# Trace Minerals



## TJH (Mar 23, 2014)

Are any of you guys' having trouble finding trace minerals? My friend at the coop said he could not get them anymore, he figures the EPA is trying to get them phased out. All I know is I'm having a hard time finding them.

T.J.


----------



## Tim/South (Dec 12, 2011)

Post Edited. Did not check the topic section before replying.


----------



## TJH (Mar 23, 2014)

I must apologize, I've really got to stop making post when I'm dog tired. What I meant was soil applied.


----------



## Tim/South (Dec 12, 2011)

TJH said:


> I must apologize, I've really got to stop making post when I'm dog tired. What I meant was soil applied.


No need to apologize. I was the one who did not look to see what section your post was under.

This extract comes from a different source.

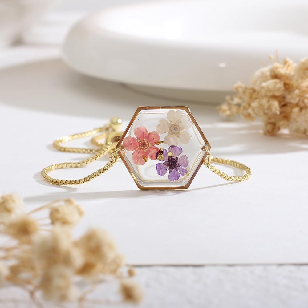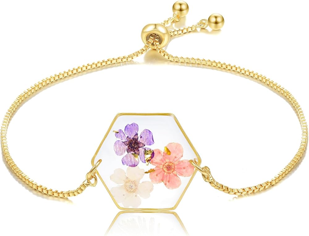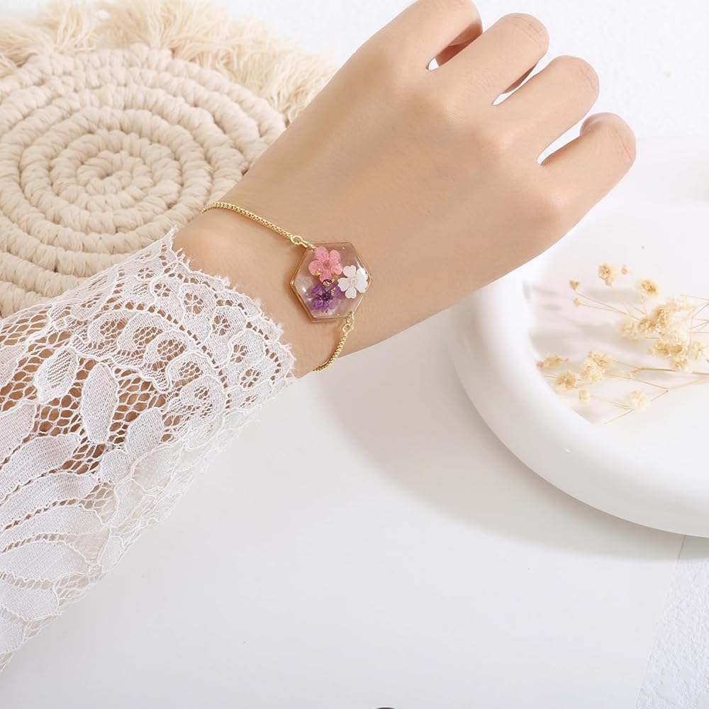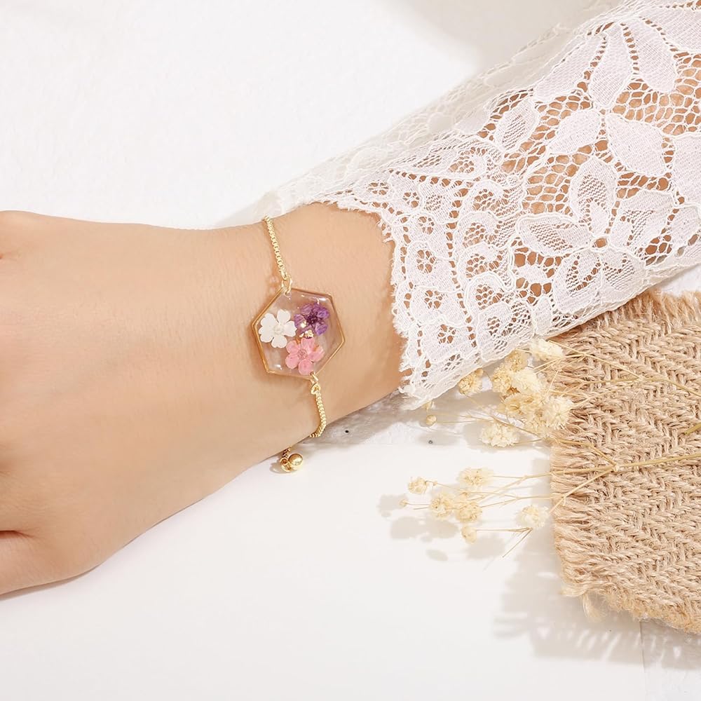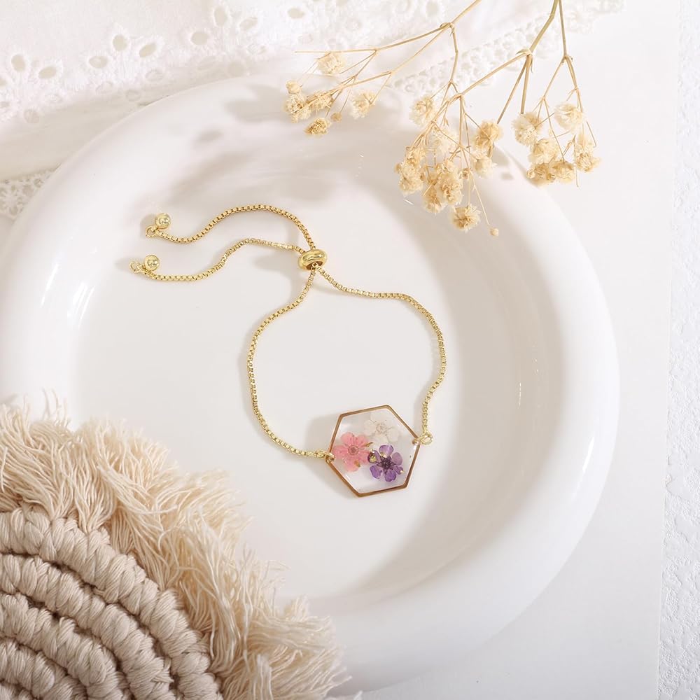 Our Pressed Flower Bracelets are made from a variety of beautiful, natural dried flowers. Each bracelet is truly one of a kind, just like you. The bracelets are adjustable, so one size fits all. Each bracelet will come with 2-4 different types of dried flowers. The flowers are naturally dried, so each bracelet may have slight variations in color and shape.

I always click on New Content and go from there. Have had cows on the brain lately.


----------



## Grateful11 (Apr 5, 2009)

Are you talking about 50# Trace Mineral Blocks?


----------



## Hugh (Sep 23, 2013)

This outfit can make a blend for you and coat the fertilizer pellets with the trace minerals you need. They also deliver.

Wilber Ellis

407 W 4th St

Sedgwick, KS 67135
(316) 772-5292


----------